• _TRY IT_: Your answer must be the full listing below, restated word for word, with no pictures in it.

━━ EXERCISE DATA

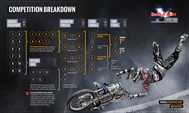 本屆Red Bull X-Fighters堂堂邁入第14個年頭,總共有12位參賽者共來自九個國家。其巡迴賽事總計共設五個賽站,除了在全世界海拔最高的城市-墨西哥城熱血開戰,緊接著賽事更橫跨歐亞非三洲,依序包括日本、德國、西班牙及南非。墨西哥站參賽明星車手包括:2013年世界冠軍托馬斯.佩吉斯Tom Pages(法國)、2013年亞軍丹尼.托雷斯Dany Torres(西班牙)、雷米.比祖阿Remi Bizouard (法國)、李維.舍伍德Levi Sherwood(紐西蘭)、羅勃.艾德伯格Rob Adelberg (澳大利亞)、哈維爾.維勒加斯Javier Villegas (智利)、喬什.席漢Josh Sheehan(澳大利亞)、利波.波德莫Libor Podmol (捷克)、亞當.瓊斯Adam Jones (美國)、麥可.梅勒羅Maikel Melero (西班牙) 、克林頓.摩爾Clinton Moore (澳大利亞),以及艾瑞克.路易茲Erick Ruiz (墨西哥)。
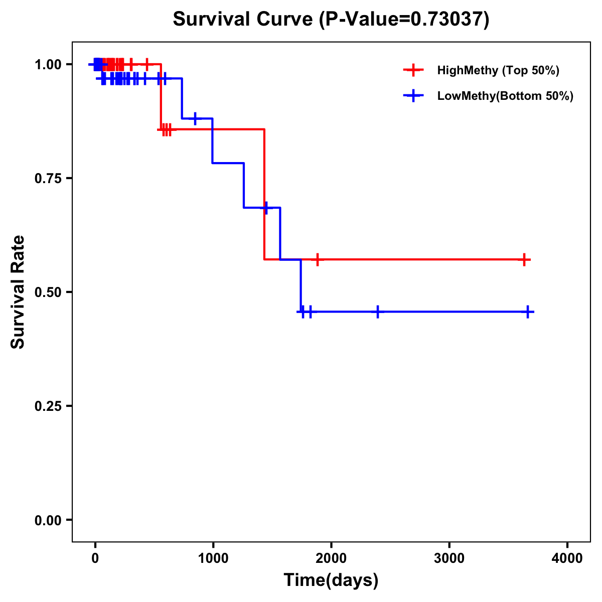 | Survival Curve of Colon Cancer on Methylation Level |
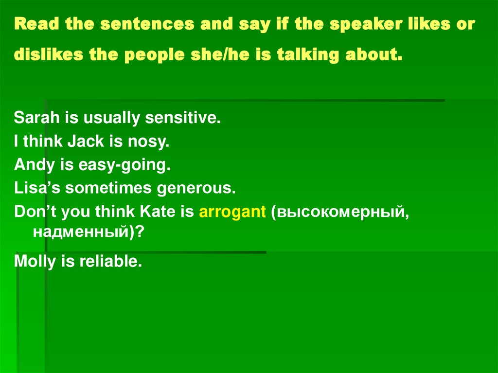 Complete the sentences with the correct words.Shy, patient, reliable, sensitive, selfish, sociable, honest,
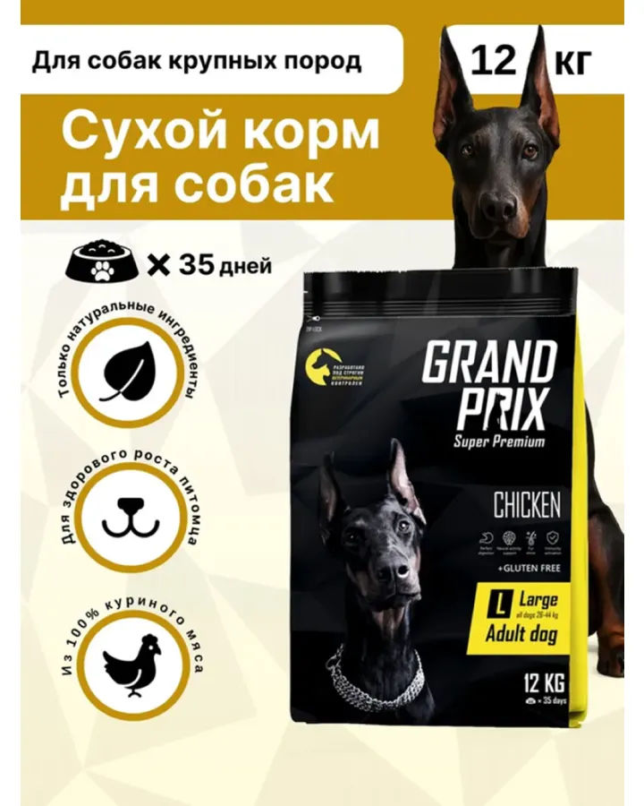 5Корм для собак Grand Prix Large Adult курица 12кгПервый раз взяла. До этого брала Go! Собака есть не отказалась, это радует)
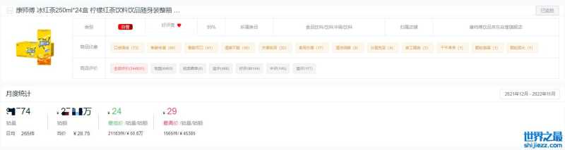 康师傅品牌中比较受欢迎的是这款冰红茶,今年在京东平台上共销售9.6万多件,累计销售额超276万元。这款饮料(250ml*24盒)的历史最低价为24元,最高价达29元。

━━━━

• _EXPECTED ANSWER_:
 本屆Red Bull X-Fighters堂堂邁入第14個年頭,總共有12位參賽者共來自九個國家。其巡迴賽事總計共設五個賽站,除了在全世界海拔最高的城市-墨西哥城熱血開戰,緊接著賽事更橫跨歐亞非三洲,依序包括日本、德國、西班牙及南非。墨西哥站參賽明星車手包括:2013年世界冠軍托馬斯.佩吉斯Tom Pages(法國)、2013年亞軍丹尼.托雷斯Dany Torres(西班牙)、雷米.比祖阿Remi Bizouard (法國)、李維.舍伍德Levi Sherwood(紐西蘭)、羅勃.艾德伯格Rob Adelberg (澳大利亞)、哈維爾.維勒加斯Javier Villegas (智利)、喬什.席漢Josh Sheehan(澳大利亞)、利波.波德莫Libor Podmol (捷克)、亞當.瓊斯Adam Jones (美國)、麥可.梅勒羅Maikel Melero (西班牙) 、克林頓.摩爾Clinton Moore (澳大利亞),以及艾瑞克.路易茲Erick Ruiz (墨西哥)。
 | Survival Curve of Colon Cancer on Methylation Level |
 Complete the sentences with the correct words.Shy, patient, reliable, sensitive, selfish, sociable, honest,
 5Корм для собак Grand Prix Large Adult курица 12кгПервый раз взяла. До этого брала Go! Собака есть не отказалась, это радует)
 康师傅品牌中比较受欢迎的是这款冰红茶,今年在京东平台上共销售9.6万多件,累计销售额超276万元。这款饮料(250ml*24盒)的历史最低价为24元,最高价达29元。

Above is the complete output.